Een ander groot speerpunt dat CNV graag terug wil zien in de verkiezingsprogramma’s en daarna in een regeerakkoord, is een strengere aanpak van geweld tegen werknemers in de publieke sector. ‘De aanpak vanuit de overheid schiet ernstig tekort. CNV pleit voor een overheid die paal en perk stelt aan het geweld, waar zoveel werkenden steeds vaker mee worden geconfronteerd,’ zegt voorzitter Fortuin. Hij krijgt steun van 94% van de invullers van de enquête: agressie tegen publieke dienstverleners moet harder worden aangepakt. CNV-leden vinden dat de overheid niet goed optreedt als publieke dienstverleners met geweld te maken krijgen (60%). Slechts 14% vindt dat de overheid wel goed optreedt. De overheid zou een grotere rol moeten pakken, vindt 88%. Dat kan bijvoorbeeld door werkgevers te verplichten tot een aanbieden van een ondersteuningsteam bij geweld, zegt 79%.

‘Met meer en goed opgeleide mensen voorkom je dat het uit de hand loopt’

Sander (45) | woonbegeleider gehandicaptenzorg

‘Paradijsvogels noem ik de mensen die hier wonen af en toe. Er zitten kleurrijke types tussen. Volwassen mannen en vrouwen met niet-aangeboren hersenletsel en daardoor deels ook met verlammingen of ernstige psychiatrische problemen. Wat ze gemeen hebben, is dat ze hiervóór een gewoon leven leidden, een eigen geschiedenis hadden, een gezin. Bij sommigen is dat besef deels nog aanwezig. Geregeld borrelt er frustratie op. Onmacht, omdat dingen moeizaam gaan of niet willen lukken, of omdat een bewoner zich niet goed kan uitdrukken. Dat uit zich vrijwel dagelijks in verbale agressie: schelden, (doods)bedreigingen, maar ook negeren en manipuleren. Soms vliegt er een porseleinen mok door de eetzaal.’

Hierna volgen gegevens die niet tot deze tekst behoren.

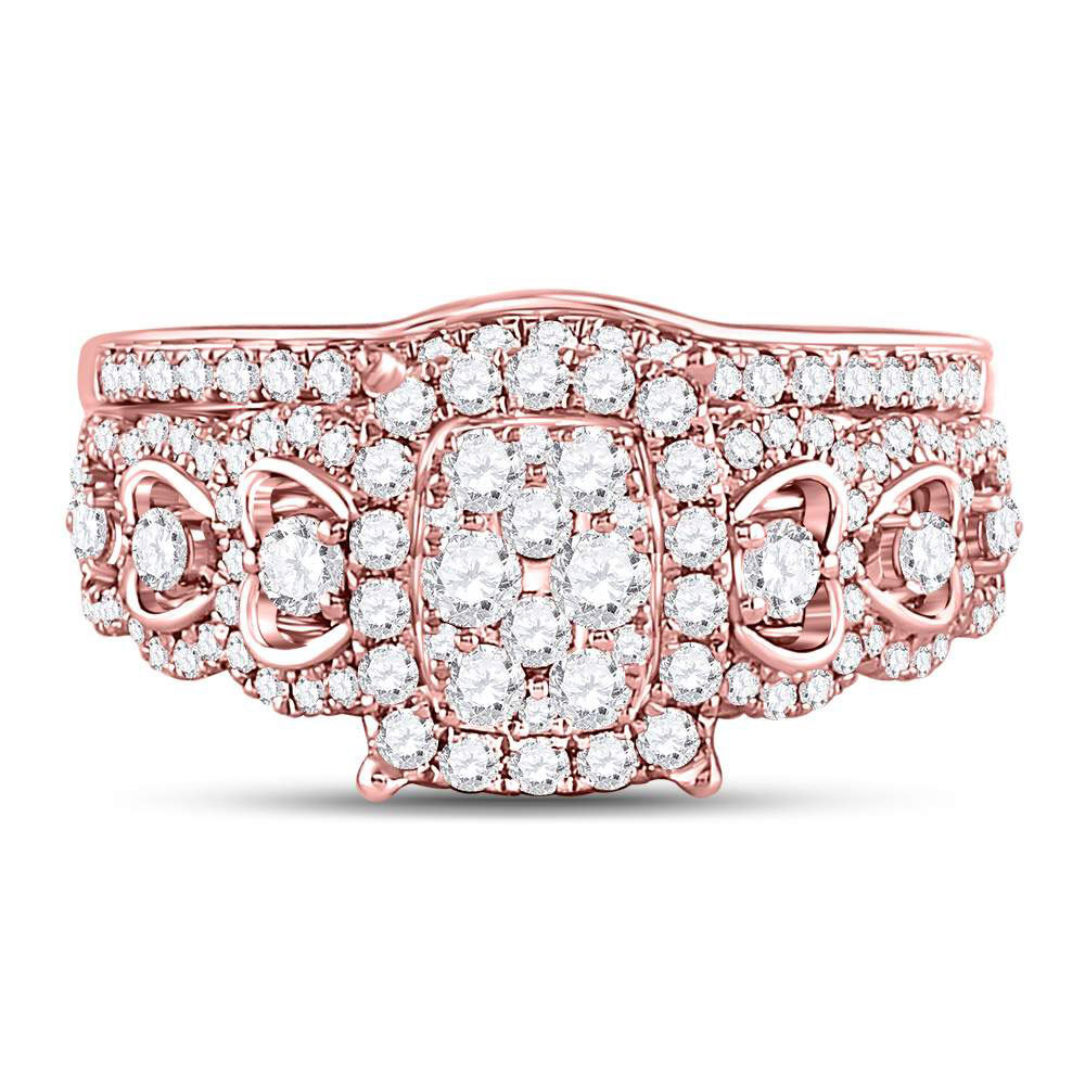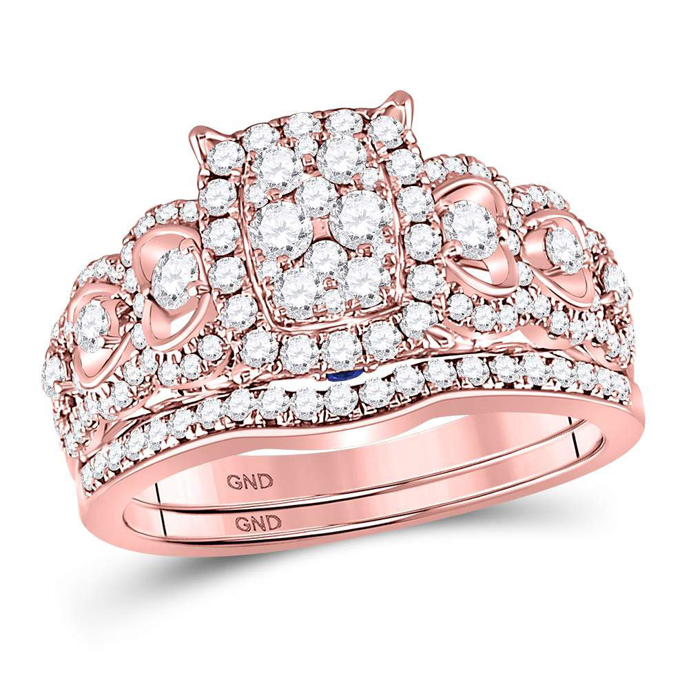 14kt Rose Gold Womens Round Diamond Vintage-inspired Rectangle Bridal Wedding Engagement Ring Band Set 1.00 Cttw

‘De afspraak is dat we met 4 personen op een groep van 20 staan. De laatste tijd staan we er ’s avonds vaak alleen voor, wel met noodhulp standby. Dat komt niet direct door een personeelstekort. Dat speelt, maar je moet dit werk aankunnen. Je kunt niet zomaar een begeleider van een andere afdeling voor deze groep zetten. Je moet er feeling mee hebben, kunnen de-escaleren. De rust bewaren, is de basis van de omgang hier. We hebben vanwege een lastige cliënt vorig jaar weerbaarheidstrainingen gehad, echt ingrijpen is gelukkig nog niet nodig geweest.’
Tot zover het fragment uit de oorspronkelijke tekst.